ID :
75697
Mon, 08/17/2009 - 17:57
Auther :

(News Focus) N. Korea makes overtures on inter-Korean ties, Seoul cautious

By Kim Hyun
SEOUL, Aug. 17 (Yonhap) -- North Korean leader Kim Jong-il has offered a rare
olive branch to Seoul in agreeing to resume stalled ventures and family reunions
with the South, experts said Monday.
At a meeting with Kim over the weekend, Hyundai Group chairwoman Hyun Jeong-eun
secured a major boost for her conglomerate which has been struggling financially
amid an inter-Korean political stalemate. Hyundai Group runs tourism programs to
the North along with an affiliate.
According to analysts, joint projects with Hyundai are a diplomatic stepping
stone for North Korea to reach out to Seoul and Washington and offer a way out of
economic isolation.
"It's difficult for North Korea to immediately reach out to the South Korean
government and reconcile with it," Cheong Seong-chang, an analyst with the
non-governmental Sejong Institute, said.
Just hours before Kim's meeting with the Hyundai chief, South Korean President
Lee Myung-bak offered high-level talks for arms reduction and massive economic
aid to the North. But his Liberation Day proposals were largely conditioned on
Pyongyang's denuclearization, reaffirming his hardline stance.

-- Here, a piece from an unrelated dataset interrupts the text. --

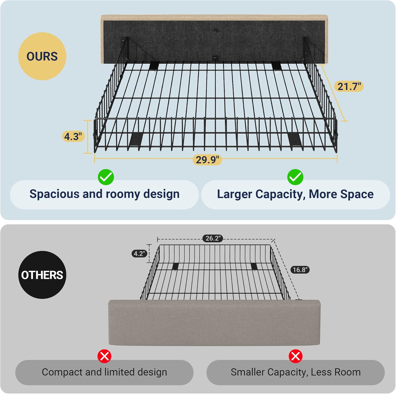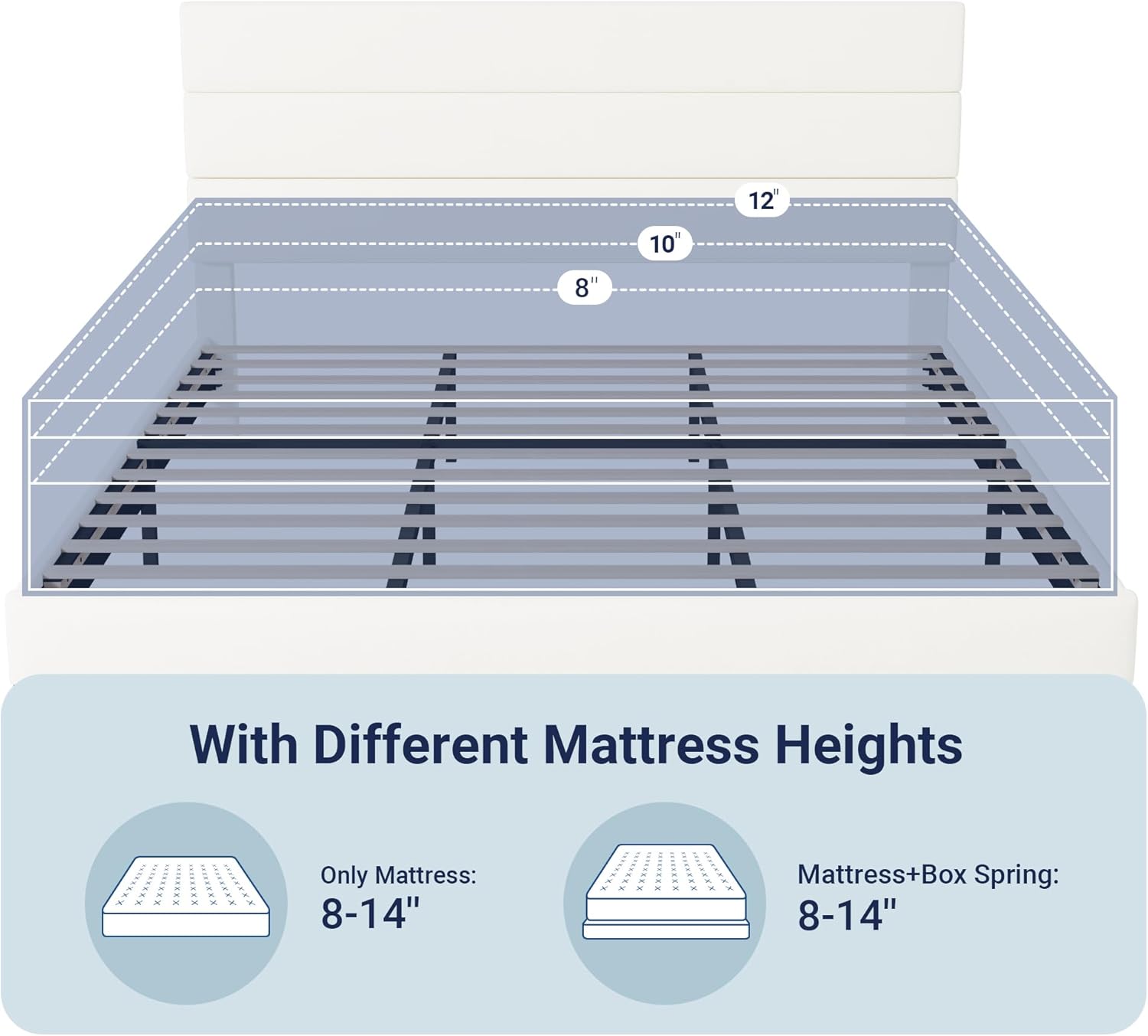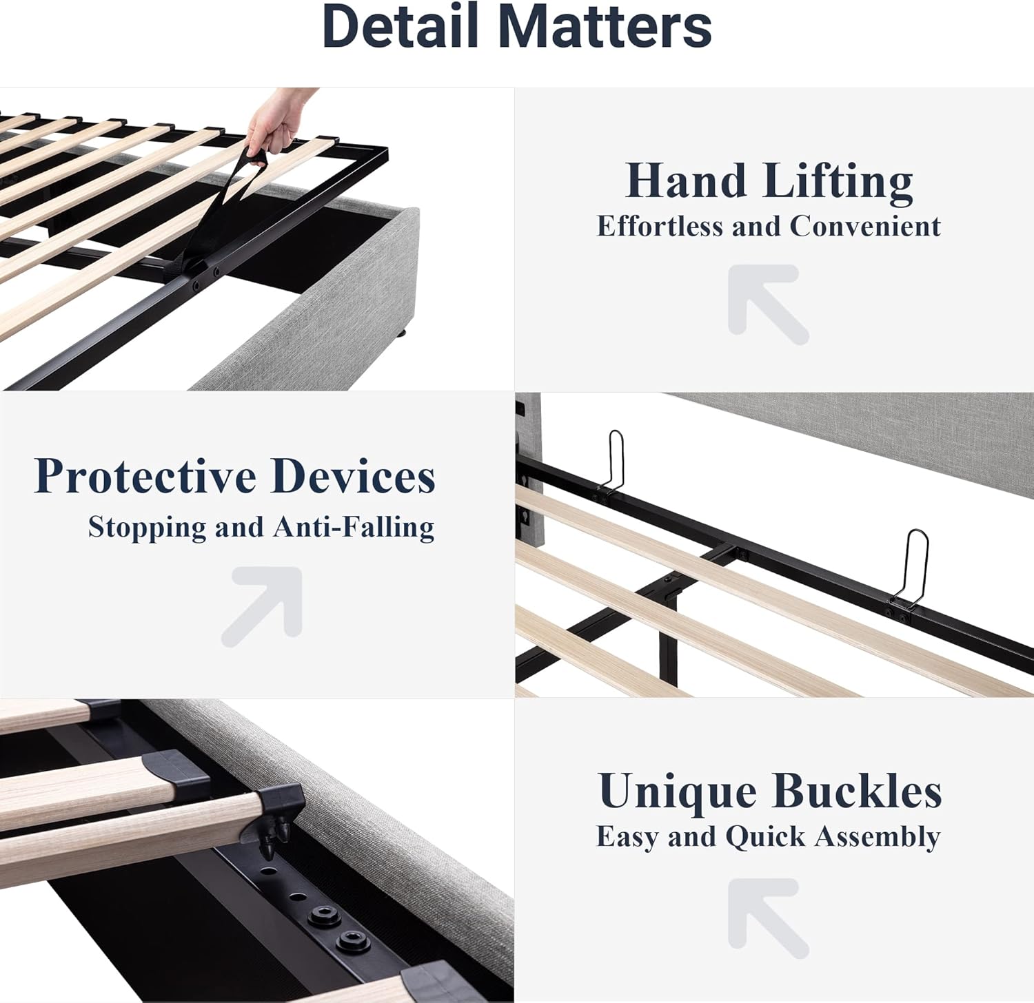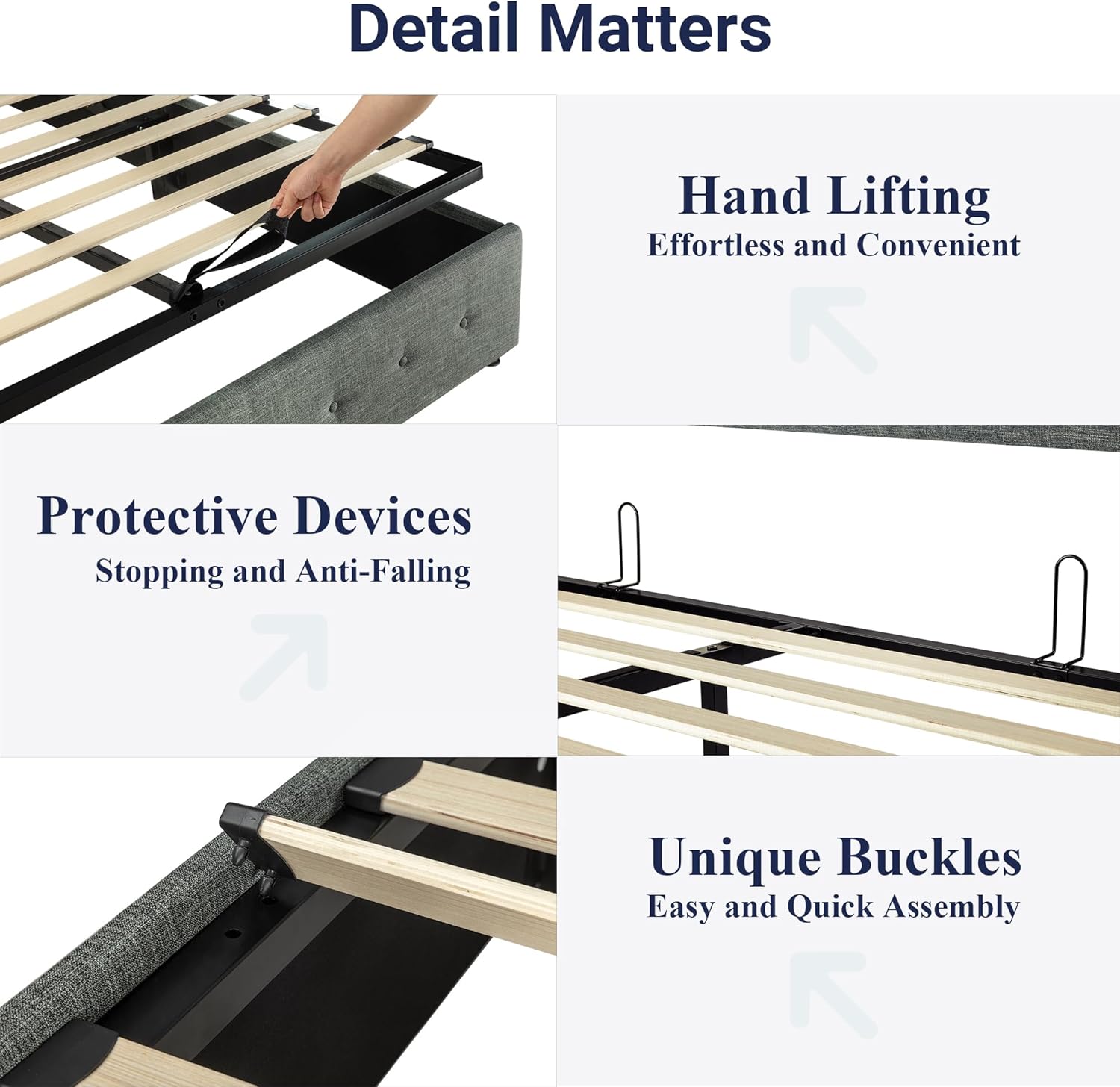 Allewie Queen Size Lift Up Storage Bed, Modern Wingback Headboard, Hydraulic Support, No Box Spring Needed, Light Beige

"The only way for North Korea to break the stalemate and get real benefits for
now is trying to resume the business ventures it ran with Hyundai," Cheong said.

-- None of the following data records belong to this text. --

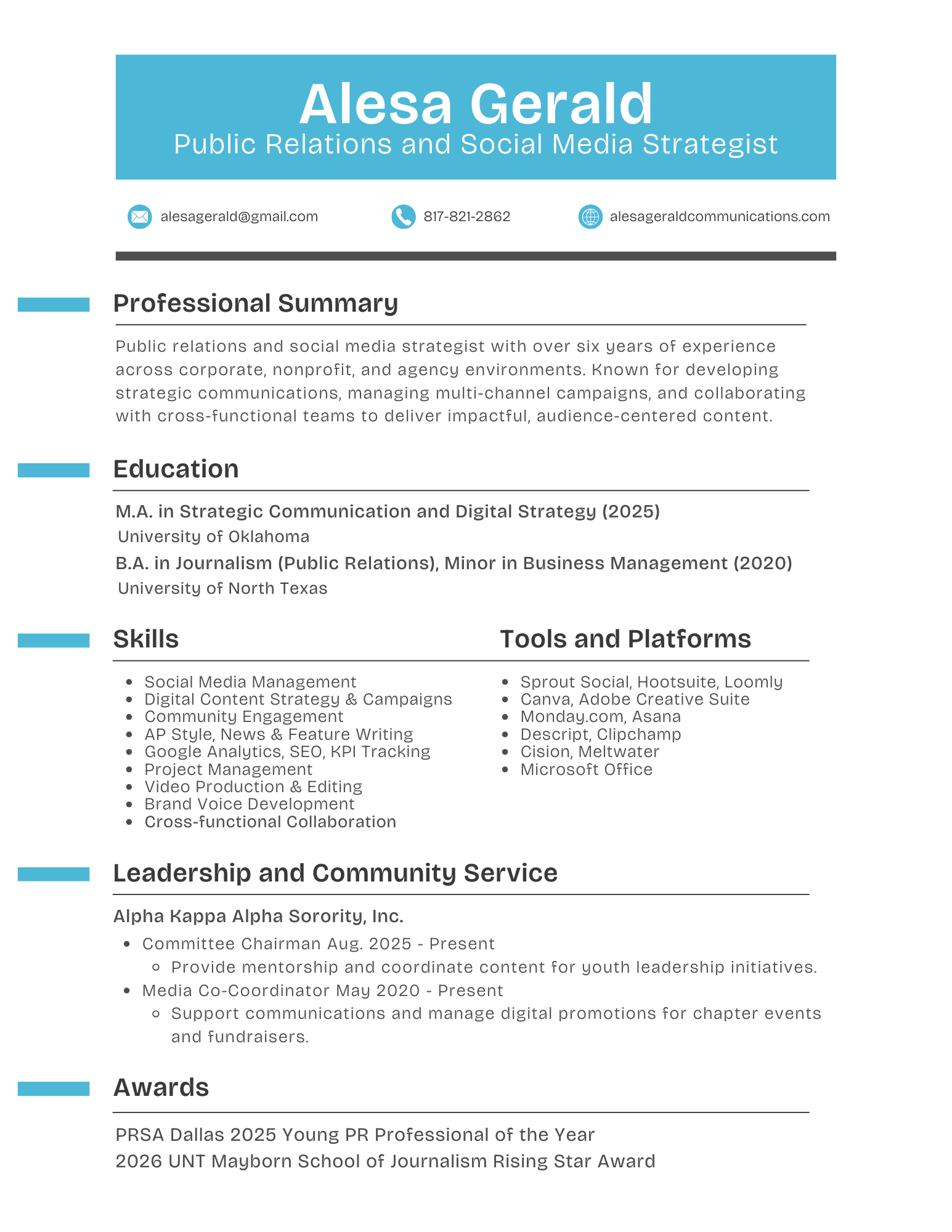 I am a creative and results-driven communications strategist with over six years of experience in public relations, content strategy, and social media management across corporate, health care, nonprofit, and start-up sectors. I have proven the ability to lead digital campaigns, grow engaged communities, and execute content strategies that align with brand voice and goals. As a communications professional dedicated to excellence, I am adept in platform management, visual storytelling, and stakeholder engagement.
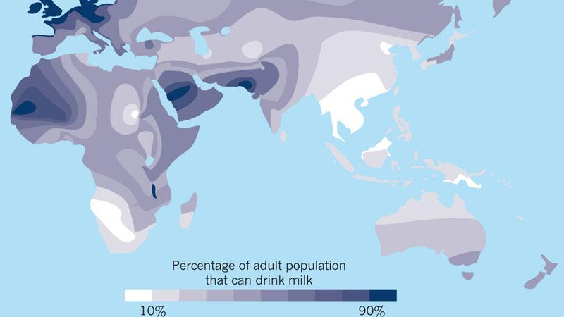 The ability to hold down milk is of course but one of many dietary factors that contributed to the evolutionary success of certain strains of humanity. Making the right choice as to which crops to grow, which animals to husband and which areas to explore all contributed to a tribe’s multiplication – or annihilation. But this map indicates that the milk factor, isolated and mapped out, can be a meaningful tool to interpret the ebb and flow of certain human migration patterns.
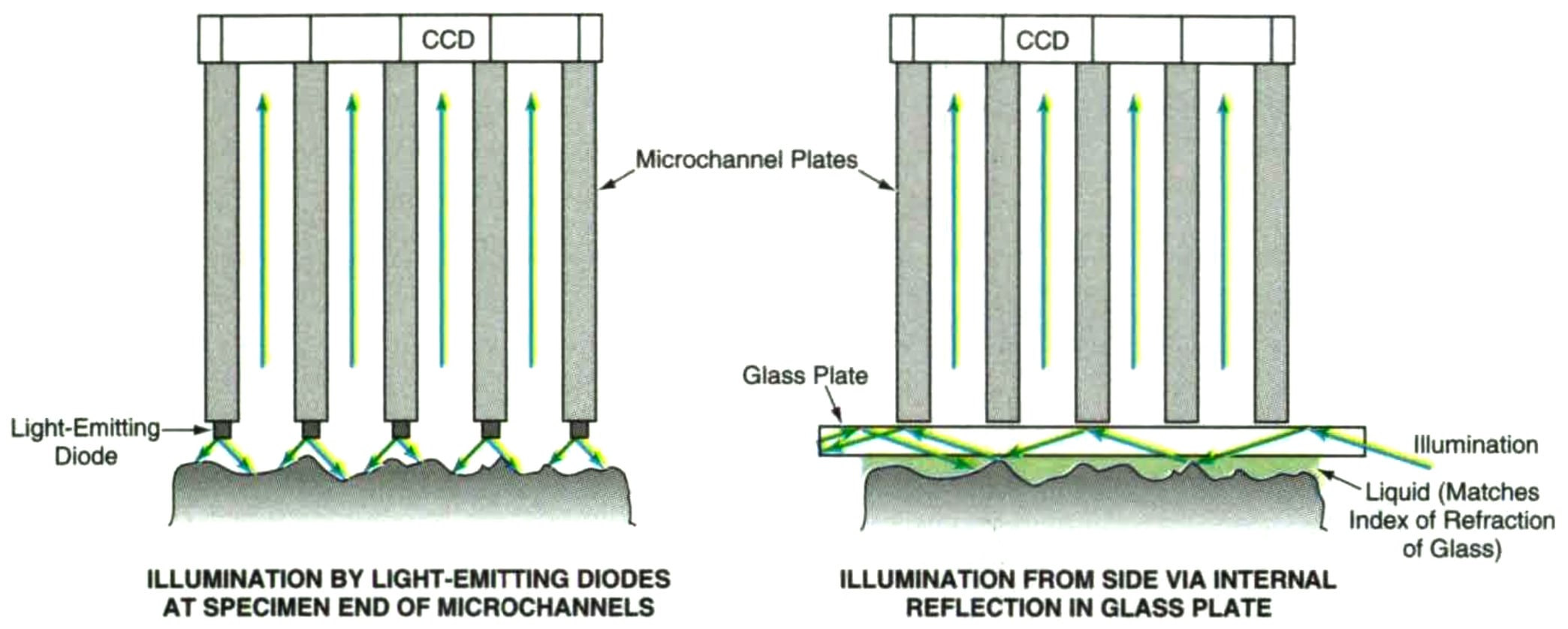 According to the present proposal, the specimen would be illuminated in either of two reflection modes. In one case, the illumination would be provided by microscopic light-emitting diodes mounted on the walls between the microchannels, facing the specimen. In the other case, the specimen would be covered by a glass plate. Illumination would be brought in from the side by total internal reflection in the glass plate. A fluid with an index of refraction equal to that of the glass would be placed between the specimen and the glass plate to couple the illumination onto the specimen. There would be a thin airgap between the glass plate and the microchannel plate. Some of the light scattered and reflected by the specimen would travel along the microchannels to the CCD, as in the other versions of this instrument.

Kim and Hyun produced a five-point agreement including the resumption of Mount
Kumgang and Kaesong tour projects and reunions of families separated by the
Korean War, all conciliatory programs that were severed after Lee came to power
last year.
The two had a long, "cordial" talk in "an atmosphere of compatriotic feelings,"

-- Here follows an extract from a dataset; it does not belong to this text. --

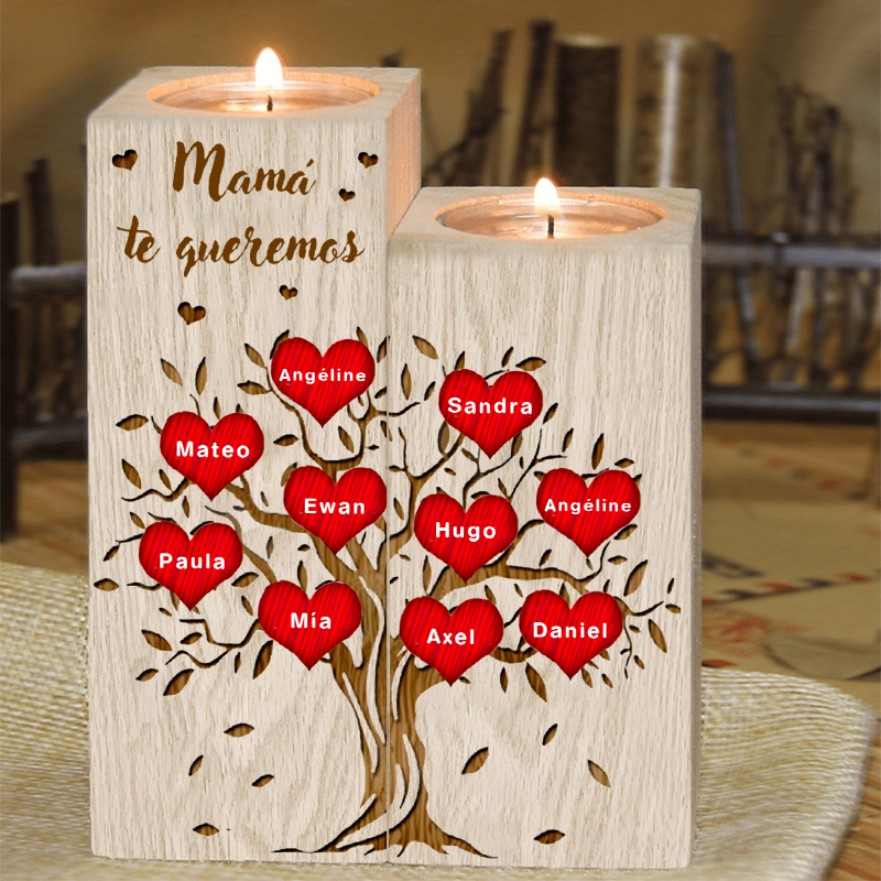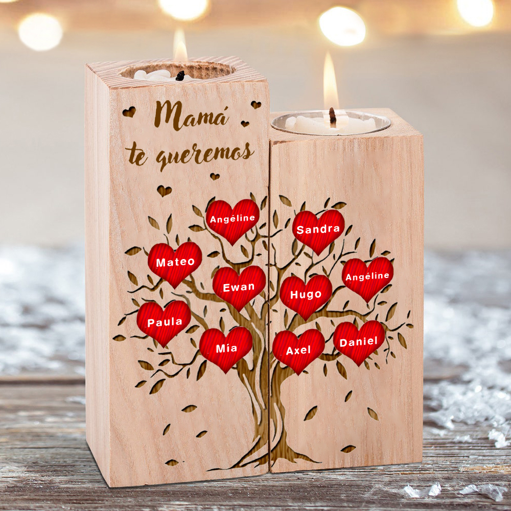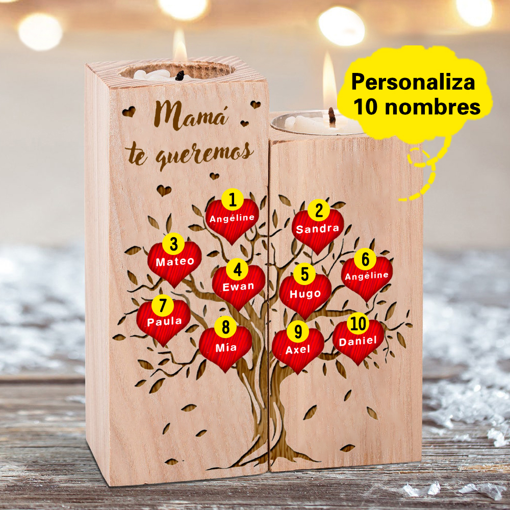 A mi mamá-Candelero de madera de dos piezas sin candela 10 nombres
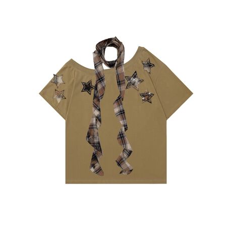 大胆な星型アップリケとチェック柄スカーフが印象的なデザインTシャツです。肩周りに散りばめられた立体的なスターがアクセントになり、コーディネートに個性をプラス。どこか遊び心のあるディテールが魅力的です。

the North's Korean Central News Agency said. Kim, 67, recounted "with deep
emotion" his long history with her predecessors in the Hyundai family -- her late
husband, Chung Mong-hun, and her father-in-law and the group founder, Chung
Ju-yung who drove 500 heads of cattle across the border into the impoverished
North, his birthplace, in an emotional trip in 1998.
Experts say what North Korea offered to the South was a deal. It juxtaposed
resumption of family reunions with Hyundai's Mount Kumgang tour, which was
suspended by Seoul last year after a North Korean soldier shot dead a South
Korean female tourist who strayed into an off-limits military zone.
North Korea lost one of its few sources of steady cash income from the tour
suspension. Hyundai Group's business unit, Hyundai Asan Corp., suffered 170
billion won (US$135.9 million) in sales losses and was forced to cut its
workforce to about 400 from more than 1,000.
The family reunions were suspended by Pyongyang in retaliation against Lee's
conservative policy soon after he took office.
"The instant remedy for North Korea's ailing economy is inter-Korean relations,"
said Cho Myung-chul, a North Korean defector and now analyst with the Korea
Institute for International Economic policy.
"It's a give and take. North Korea offered the family reunions to have the Mount
Kumgang tour resumed in return," he said.
North Korea also agreed to lift a traffic curfew it had imposed in December on
South Korean workers traveling to a joint industrial park in the North, another
major venture developed by Hyundai. The curfew, which set time windows for South
Koreans and cargo trucks to cross the demilitarized zone each day, has been a
major roadblock for the businesses investing in the joint park.
"Chairman Kim Jong-il gave a gift to the Hyundai Group, but the gift has value
only when the South Korean government approves it," Chang Yong-seok with the
non-governmental Institute for Peace Affairs said.
Seoul officials remained cautious, saying the agreement is "positive" but has
been reached only at the "non-governmental" level.
"For this agreement to be realized, the governments of South and North Korea need
to reach a concrete agreement through dialogue," Unification Ministry spokesman
Chun Hae-sung said.
The events leading up to the agreement between North Korea and Hyun do cast
questions about the commitments by Seoul and Pyongyang.
Since May, North Korea has sent invitations to the Hyundai chief, but the Seoul
government withheld approval for her trip until former U.S. President Bill
Clinton visited Pyongyang to meet with Kim and bring two detained American
journalists home.
The North Korean leader also allowed the release of a detained Hyundai employee
who had been detained in the North since March for criticizing its political
system. But he met the Hyundai chairwoman in a much more measured way, sitting
down with her only after she had extended her stay five times.